Bankruptcy court litigation favors contractors over homeowners

If you hire a contractor to remodel your house, and the workers show up on expensive Harley-Davidson motorcycles, that’s a good sign that the company is solvent enough to finish the job, right?

Wrong. And it led to a long bout of ultimately losing litigation when the contractors filed for personal bankruptcy. Massachusetts chief bankruptcy judge Frank Bailey has ruled that the homeowners can’t recover anything on their allegations that the contractors committed “fraud,” except a small payment (in the scheme of things) for cabinets they ordered.
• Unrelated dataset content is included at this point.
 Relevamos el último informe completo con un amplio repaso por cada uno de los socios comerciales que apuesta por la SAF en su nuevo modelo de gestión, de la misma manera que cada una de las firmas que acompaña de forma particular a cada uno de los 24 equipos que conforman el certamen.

In the Alexander case(07/23/12), homeowners who had hired the now-bankrupt debtors, who were running a remodeling business under the name Season All, alleged that the contractors committed fraud by misleading them into thinking their operation was financially healthy (in fact, Season All was in deep to the IRS).
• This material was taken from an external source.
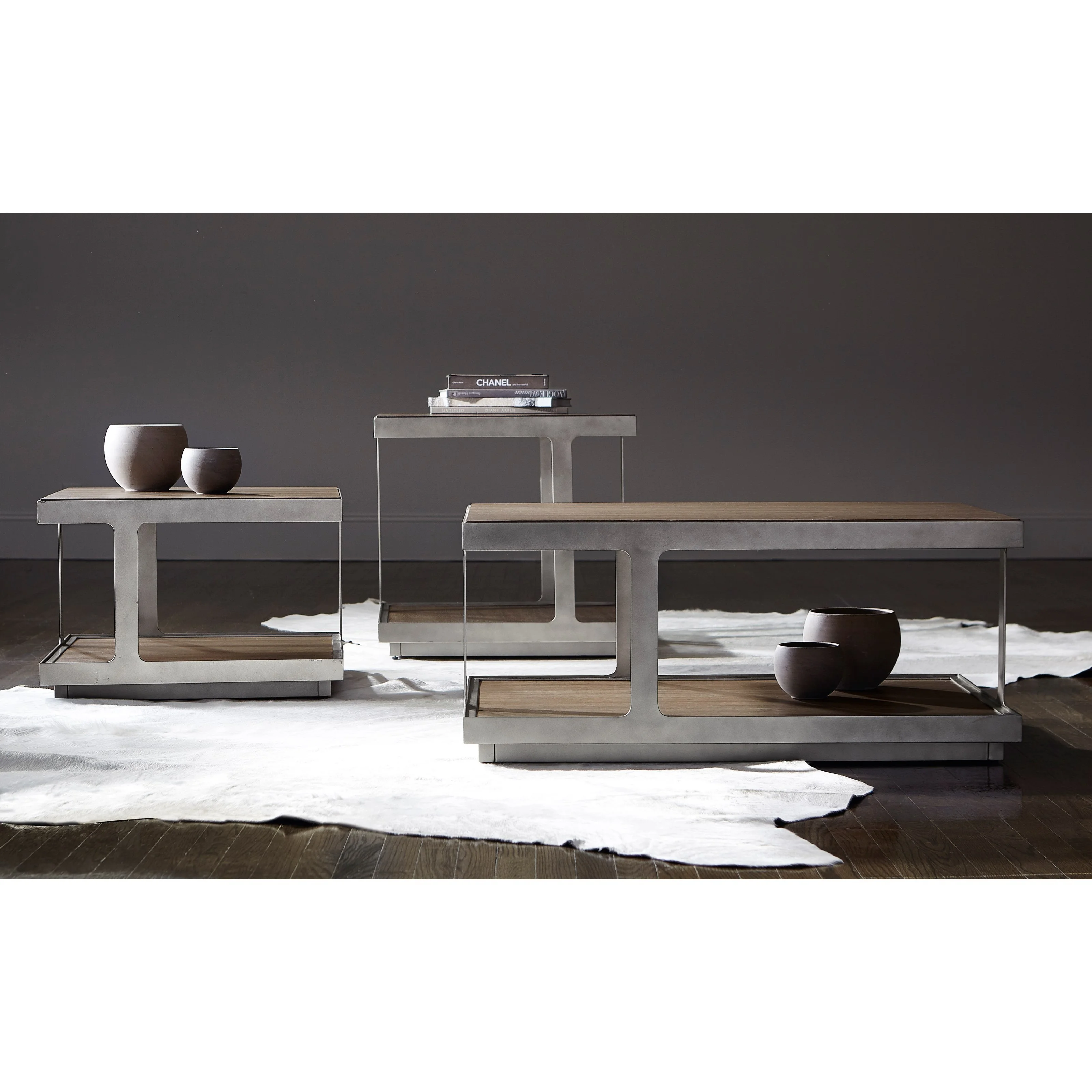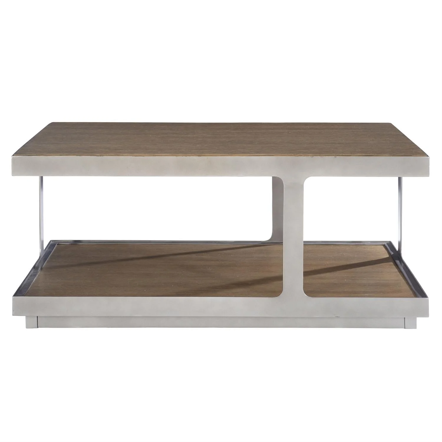 moreRevealing mid-century influences, the Belvedere cocktail table combines metal and wood in a clean, asymmetrical design. Quartered oak veneers in portobello finish bring a warm tone, while a steel frame finished in antique pewter contributes a sophisticated cool. A modern industrial look for the luxe living space.

The home owners actually tried to argue that because the contractors sometimes arrived for work on expensive Harleys, this amounted to a fraudulent representation of the firm’s solvency. Judge Bailey quickly rejected this line of thought, noting that fraud allegations need to be pleaded with exacting particularity in court, and that section 523 (a) (2) (B) of the Bankruptcy Code requires that representations of solvency to be made in writing, and not by ogling motorcycles.

There are a few lessons to be learned in this case for debtors, homeowners, and lawyers. First, the bankruptcy court is still a debtor-friendly forum, and as such it makes a lousy place to sue for a homeowner with a problem contractor.

Second, the special pleading requirements for fraud are well known and often invoked in bankruptcy court. Before you say that “XYZ defrauded me, so he shouldn’t get a bankruptcy discharge,” you really have to have your chickens lined up just right, and your (voluminous) evidence ready to file. Bad feelings and “misunderstandings” won’t get you very far in court.

Third, for people in the building trades (who have been battered more than most in the recession), bankruptcy offers a way to rebuild, but often comes with the extra price tag of having to fend off one or more nuisance suits from disgruntled former customers.
If you think the ride might be bumpy, make sure you get a good bankruptcy lawyer to pilot your case through the system.